Return the full set of entries precisely. Do not carry over any pictures.

Top of Entries provided

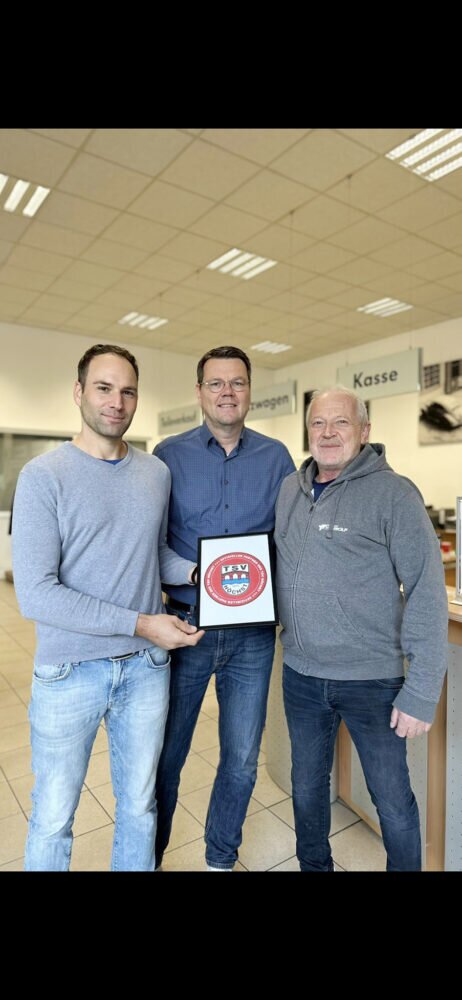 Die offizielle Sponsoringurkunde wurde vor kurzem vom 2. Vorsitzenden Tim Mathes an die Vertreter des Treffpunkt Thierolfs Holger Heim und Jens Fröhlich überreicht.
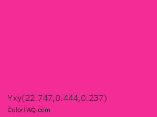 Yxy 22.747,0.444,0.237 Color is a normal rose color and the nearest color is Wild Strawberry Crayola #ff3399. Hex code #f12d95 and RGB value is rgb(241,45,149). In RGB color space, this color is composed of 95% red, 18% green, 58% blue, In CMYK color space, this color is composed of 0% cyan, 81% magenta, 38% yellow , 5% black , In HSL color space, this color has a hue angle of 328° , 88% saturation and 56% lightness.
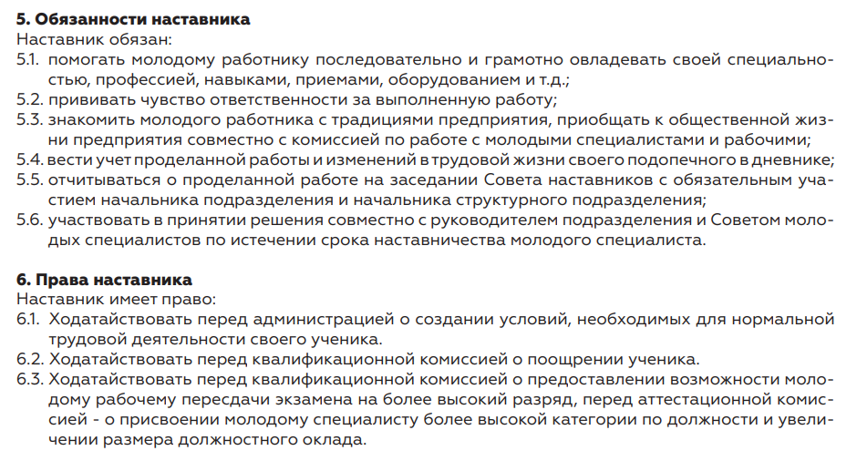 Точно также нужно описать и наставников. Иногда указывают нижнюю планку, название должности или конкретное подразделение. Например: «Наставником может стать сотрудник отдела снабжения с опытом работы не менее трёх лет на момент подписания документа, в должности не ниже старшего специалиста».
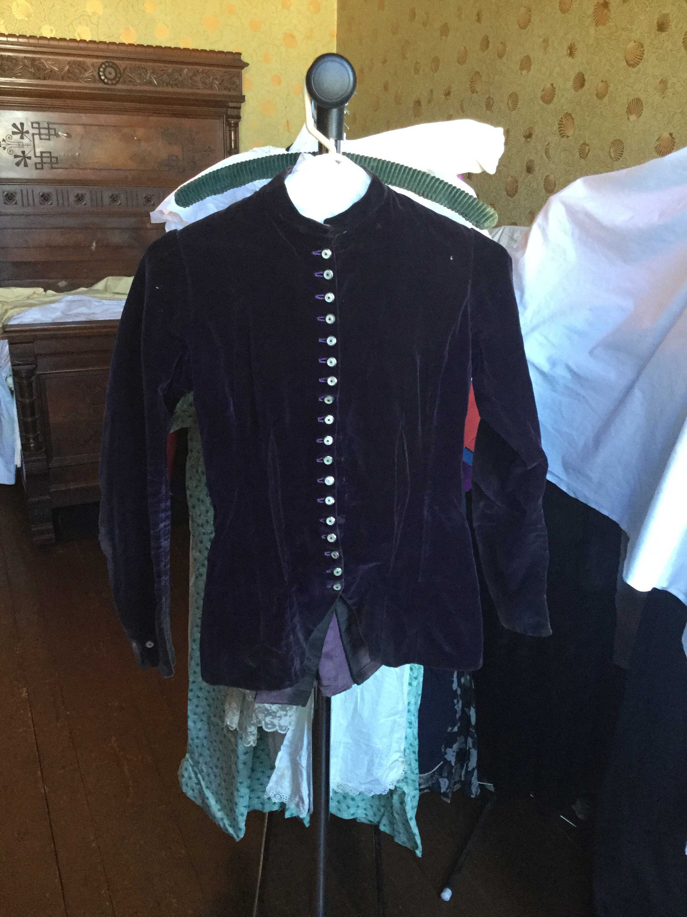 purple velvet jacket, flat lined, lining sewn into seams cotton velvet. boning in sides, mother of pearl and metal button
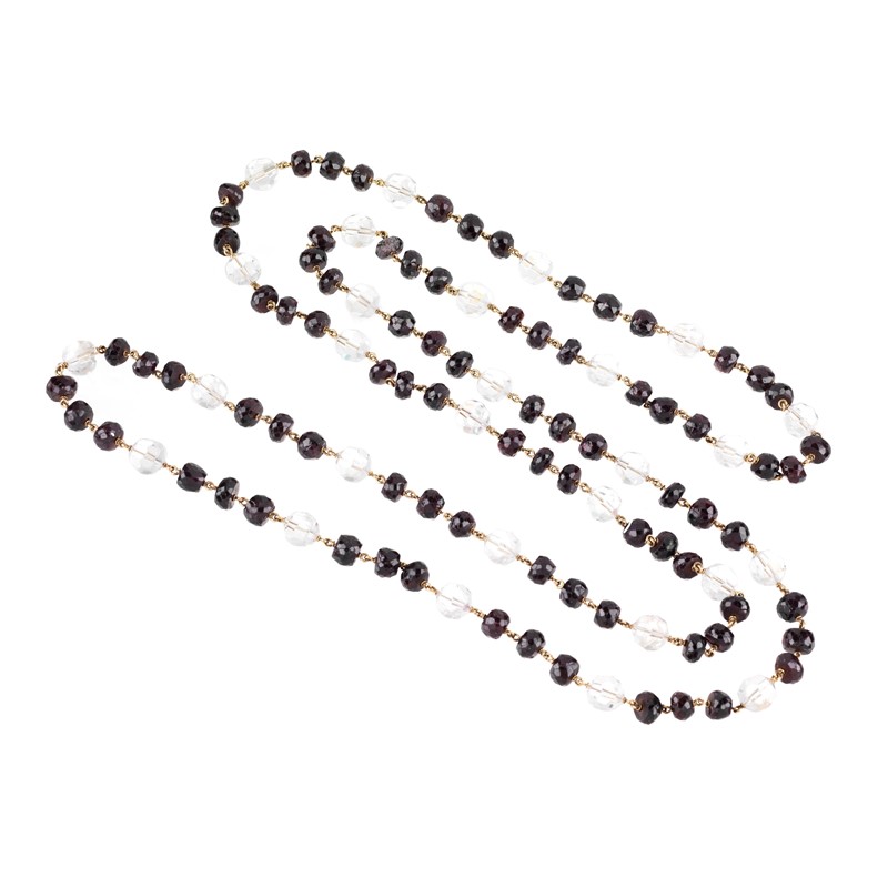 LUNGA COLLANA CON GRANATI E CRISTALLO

Bottom of Entries provided

→ **Task result**:
 Die offizielle Sponsoringurkunde wurde vor kurzem vom 2. Vorsitzenden Tim Mathes an die Vertreter des Treffpunkt Thierolfs Holger Heim und Jens Fröhlich überreicht.
 Yxy 22.747,0.444,0.237 Color is a normal rose color and the nearest color is Wild Strawberry Crayola #ff3399. Hex code #f12d95 and RGB value is rgb(241,45,149). In RGB color space, this color is composed of 95% red, 18% green, 58% blue, In CMYK color space, this color is composed of 0% cyan, 81% magenta, 38% yellow , 5% black , In HSL color space, this color has a hue angle of 328° , 88% saturation and 56% lightness.
 Точно также нужно описать и наставников. Иногда указывают нижнюю планку, название должности или конкретное подразделение. Например: «Наставником может стать сотрудник отдела снабжения с опытом работы не менее трёх лет на момент подписания документа, в должности не ниже старшего специалиста».
 purple velvet jacket, flat lined, lining sewn into seams cotton velvet. boning in sides, mother of pearl and metal button
 LUNGA COLLANA CON GRANATI E CRISTALLO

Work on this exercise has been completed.